Nel mio lavoro indago nei luoghi della comunicazione e delle parole con lo strappo e l’appropriazione di frammenti di ciò che vedo e tocco, ricostruendo concrezioni e improbabili marchingegni che diano un rivestimento tangibile, seppur immaginario, al mondo tecnologico con cui l’uomo ha aperto nuove e interessanti vie al comunicare.
...
Tracimando imput ogni rete s’irride di chi navighi privo di mèta.
Esaltanti cromìe catturano al clic tra banner di offerte lunari.
Tutto subito e ancora più gratis.
Sottocosto.
Sottocosta bordeggio sensi unici come vicoli ciechi.
Parole.
Lettere senza buca.
Buchi luogo d’arrivo. Bachi. Fosse baci. Ciliegie.
Un clic via l’altro e parole in connessione si palleggiano il tempo attorcigliando la curiosità al dito inquieto.
La foresta si fa bivi. Di finestra in schermata svanisce l’ora.
Sfioro tasti di tunnel contigui fino a gonfiarmi di rumorose noie.
Inciampo e sbarco tra cantieri di provvisorio.
L’annuncio mente e la botola si chiude in altre aperture.
Muri virtuali come reti di cantiere accennano luoghi invalicabili.
Il nuovo sorge e trasforma ogni baratro in torri e ring direzionando i passi in giro. Di vite.
Ho vinto la spesa. Di tempo e pensieri. Di attesa. Che ogni fame si faccia virtuale. raffo 2008

Dal catalogo " Nuove Sinestesie" - 2008

sabato 27 dicembre 2008

1991 - 2001 FESSURE

Cado distratta in un’occhiata di fessura dentro gli scavi celati da una staccionata di pubblicità. Una voragine come di gengiva scavata denuda gli strati di casa cadente. Un dente divelto, estirpato, e al suo posto un nuovo palazzo di specchi e formiche, tra carte e computers. Domani. Lo dice il cartello che loca. Elogia i vantaggi d’acquisto di un dente di smalto laccato, garanzia di sorriso. E sorrido. Di tutta una via, di scritte e prodotti, ho cercato con gli occhi soltanto qualcosa che apra la vista su ciò che non c’è.
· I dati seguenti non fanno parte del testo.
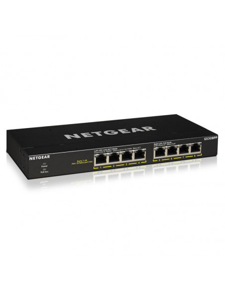 NETGEAR GS308PP - Interruptor - sem gestão - 8 x 10/100/1000 (PoE+) - desktop, montável na parede - PoE+ (83 W) - alimentação DC

E tra queste parole. raffo 1991


didascalia immagine
FILE TEMPORANEO - 2001
Inserto pubblicitario in feritoia medievale

giovedì 25 dicembre 2008

2002 - Energia digitale

Raccolta punti a orario continuato. In corsa. Piego la carta a cottimo, mentre cammino lasciando che gli occhi rubino cromie da ipermercato. E le stagioni hanno il ritmo dei saldi, dei cambi vetrina, il colore dei prodotti solari e degli articoli di fine serie. Il mosaico di pixel si amplia fagocitando nuove proposte, scegliendo i colori forti di una vendita promozionale, di un calendario di eventi, di un viaggio a oriente.
Non ho mai subito arresti, nonostante l’intensa attività di riciclaggio di colore usato, di mostra in mostra, lungo chilometri di pareti e strade. L’energia digitale circuisce e circuita: chiede pausa allo sguardo e corrobora. Lievemente contamina con un pizzico di ironia prodotti e riprodotti, saldi, scorte, scarti, carte, trasformando in A.C.E. la pigra inerzia da voyeur. E quella “cosa” chiamata arte, corto circuito della mente, alchimia nel fare. Vitamina naturale, con giusto apporto di sali minerali, impalcatura per immersioni in apnea, escursioni estreme, intrusioni in luoghi introvabili del pensiero. Alternanza di energie. Celebrazione di ogni pausa tra dire e fare, e del gesto di un dito in sincronia con i suoi simili. Da non dar per scontato.

Raffaella Formenti - 2002

(pag 52 cat. “Energie naturali”)
“ENERGIE NATURALI” con testo di Francesco Tedeschi.
Catalogo e mostra a cura di F. Paris, F. Tedeschi - Brescia 2002

1998 - il mio studio...

Il mio studio è una discarica nella quale riciclo in prodotti scaduti gli ingombri che mi occludono i pensieri

Lavoro sul MARGINALE: gesti tempo e luoghi solitamente esclusi dallo sguardo.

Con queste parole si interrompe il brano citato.